== Data excerpts ==

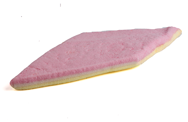 Wij verkopen deze Maxi Ruitspek per stuk, omdat je soms gewoon één perfecte gigantische ruit wil. Je ontvangt ‘m in de originele stijl zoals l’Ancienne ‘m bedoeld heeft: een klassiek geel-roze ruitvormig spekje, ongeveer 29 tot 30 cm, 11 tot 12 cm breed, en gemiddeld 100 gram. Ze zijn per stuk verpakt.
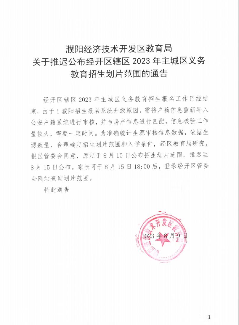 濮阳经济技术开发区教育局关于推迟公布经开区辖区2023年主城区义务教育招生划片范围的通告
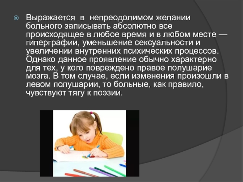 время и в любом месте — гиперграфии, уменьшение сексуальности и увеличении внутренних психических процессов. Однако данное проявление обычно характерно для тех, у кого повреждено правое полушарие мозга. В том случае, если изменения произошли в левом полушарии, то больные, как правило, чувствуют тягу к поэзии.
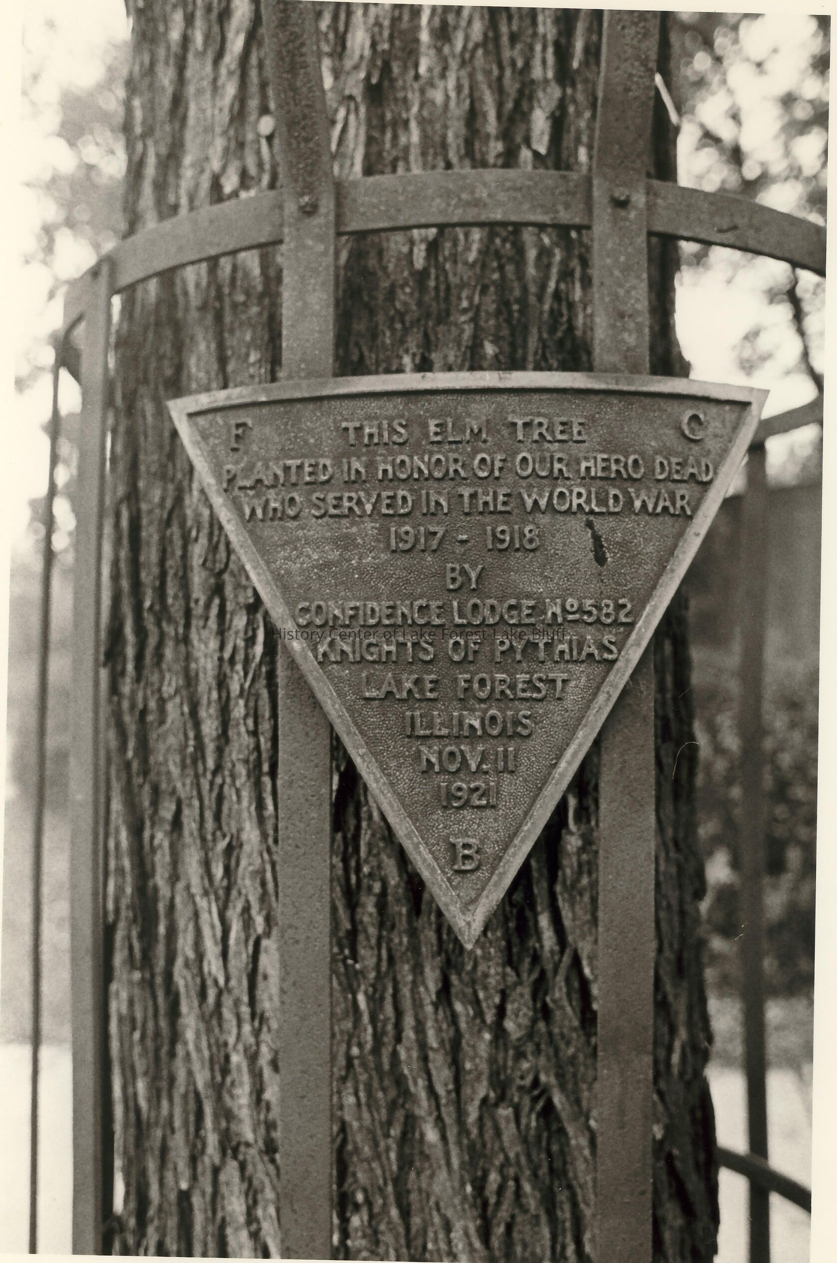 "This elm tree planted in honor of our hero dead who served in the World War 1917-1918 by Confidence Lodge No. 582, Knights of Pythias, Lake Forest, Illinois
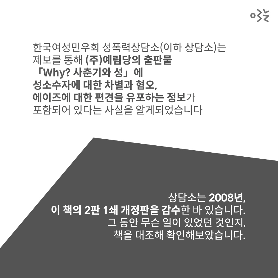 한국여성민우회 성폭력상담소(이하 상담소)는 제보를 통해, (주)예림당의 출판물 「Why? 사춘기와 성」에 성소수자에 대한 차별과 혐오, 에이즈에 대한 편견을 유포하는 정보가 포함되어있다는 사실을 알게되었습니다. 상담소는 2008년 이 책의 2판1쇄 개정판을 감수한 바 있습니다. 그동안 무슨 일이 있었던 것인지, 책을 대조해 확인해보았습니다.
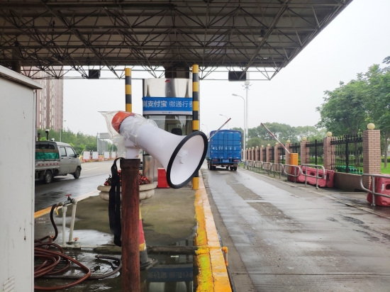 圖為入口處放置的語音警報小喇叭 在嚴把入口關中,該所要求入口必須有人員在崗,履行“一崗雙職”的重任,時刻關注入口情況,及時發(fā)現(xiàn)并勸阻違規(guī)車輛和人員的進入。此外,入口顯眼處懸掛“請珍愛生命,禁止行人和非機動車上高速”的警示標語。入口處增添放置的管控小助手---語音警報器,循環(huán)播放普通話和方言警示標語:“行人、自行車、摩托車禁止上高速公路”。入口安全島頭和邊溝處放置水碼,防止行人、摩托車、電動車和自行車從邊溝處和超寬車道進入高速。而由維養(yǎng)中心人員在入口高處安裝的攝像裝置,只要行人、自行車等非機動車輛出現(xiàn)在攝像范圍內,就會立刻傳來“警戒區(qū)域,請盡快離開”的持續(xù)性警報聲。在人員的管控和設備的警示下,收費所入口安全不斷地提升。
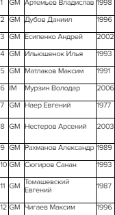 | Насколько мне известно, если Карякин играть не будет, то Дубов играть будет. Питерцы скорее всего тоже. |
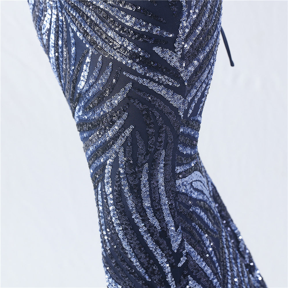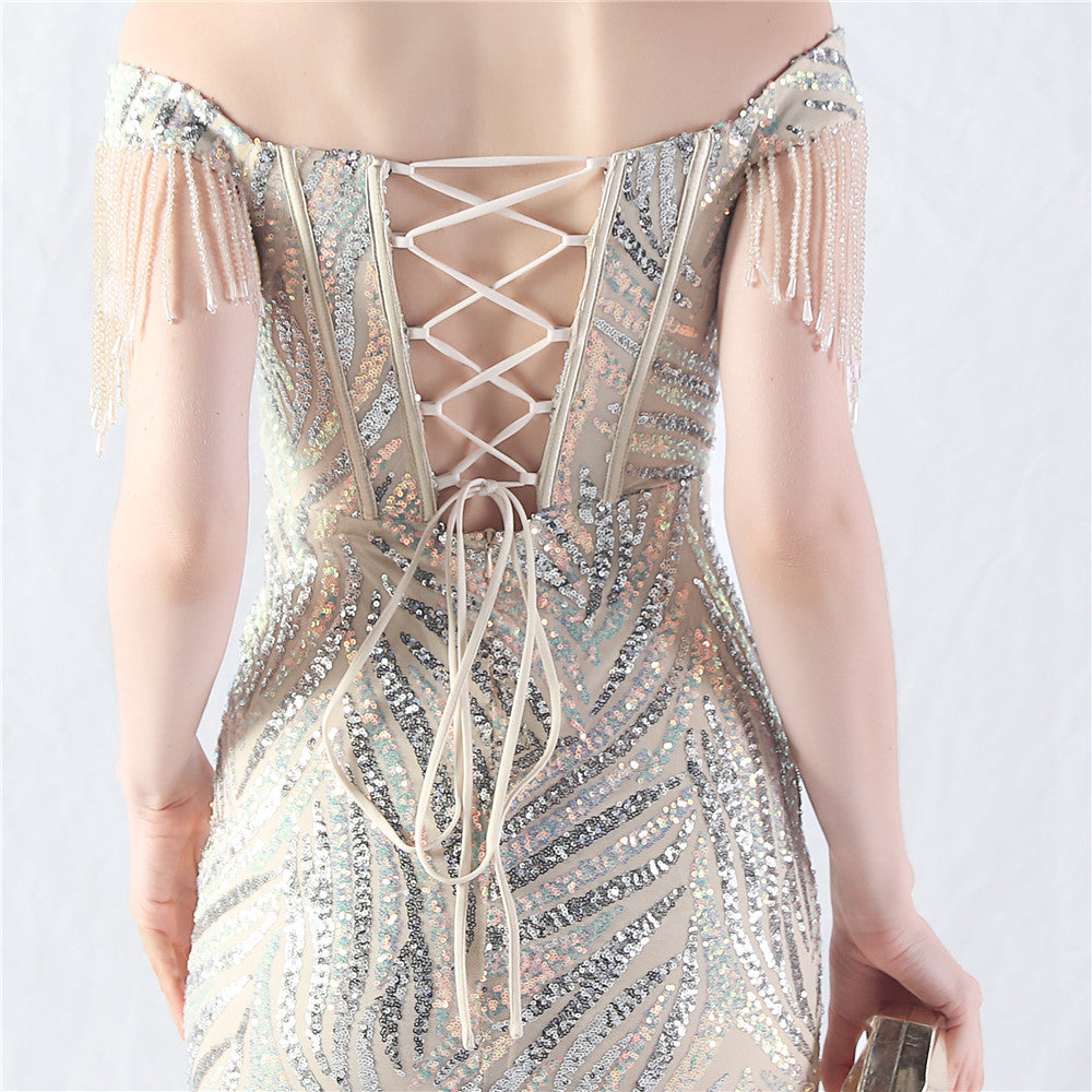 Strapless maxi with a slim, bodycon silhouette. Lace-up back details and sparkling sequins provide the focal embellishment.

===

- **Assignment**: Could you repeat every record exactly as written, with the pictures left out?

- **Completed task**:
 Wij verkopen deze Maxi Ruitspek per stuk, omdat je soms gewoon één perfecte gigantische ruit wil. Je ontvangt ‘m in de originele stijl zoals l’Ancienne ‘m bedoeld heeft: een klassiek geel-roze ruitvormig spekje, ongeveer 29 tot 30 cm, 11 tot 12 cm breed, en gemiddeld 100 gram. Ze zijn per stuk verpakt.
 濮阳经济技术开发区教育局关于推迟公布经开区辖区2023年主城区义务教育招生划片范围的通告
 время и в любом месте — гиперграфии, уменьшение сексуальности и увеличении внутренних психических процессов. Однако данное проявление обычно характерно для тех, у кого повреждено правое полушарие мозга. В том случае, если изменения произошли в левом полушарии, то больные, как правило, чувствуют тягу к поэзии.
 "This elm tree planted in honor of our hero dead who served in the World War 1917-1918 by Confidence Lodge No. 582, Knights of Pythias, Lake Forest, Illinois
 한국여성민우회 성폭력상담소(이하 상담소)는 제보를 통해, (주)예림당의 출판물 「Why? 사춘기와 성」에 성소수자에 대한 차별과 혐오, 에이즈에 대한 편견을 유포하는 정보가 포함되어있다는 사실을 알게되었습니다. 상담소는 2008년 이 책의 2판1쇄 개정판을 감수한 바 있습니다. 그동안 무슨 일이 있었던 것인지, 책을 대조해 확인해보았습니다.
 圖為入口處放置的語音警報小喇叭 在嚴把入口關中,該所要求入口必須有人員在崗,履行“一崗雙職”的重任,時刻關注入口情況,及時發(fā)現(xiàn)并勸阻違規(guī)車輛和人員的進入。此外,入口顯眼處懸掛“請珍愛生命,禁止行人和非機動車上高速”的警示標語。入口處增添放置的管控小助手---語音警報器,循環(huán)播放普通話和方言警示標語:“行人、自行車、摩托車禁止上高速公路”。入口安全島頭和邊溝處放置水碼,防止行人、摩托車、電動車和自行車從邊溝處和超寬車道進入高速。而由維養(yǎng)中心人員在入口高處安裝的攝像裝置,只要行人、自行車等非機動車輛出現(xiàn)在攝像范圍內,就會立刻傳來“警戒區(qū)域,請盡快離開”的持續(xù)性警報聲。在人員的管控和設備的警示下,收費所入口安全不斷地提升。
 | Насколько мне известно, если Карякин играть не будет, то Дубов играть будет. Питерцы скорее всего тоже. |
 Strapless maxi with a slim, bodycon silhouette. Lace-up back details and sparkling sequins provide the focal embellishment.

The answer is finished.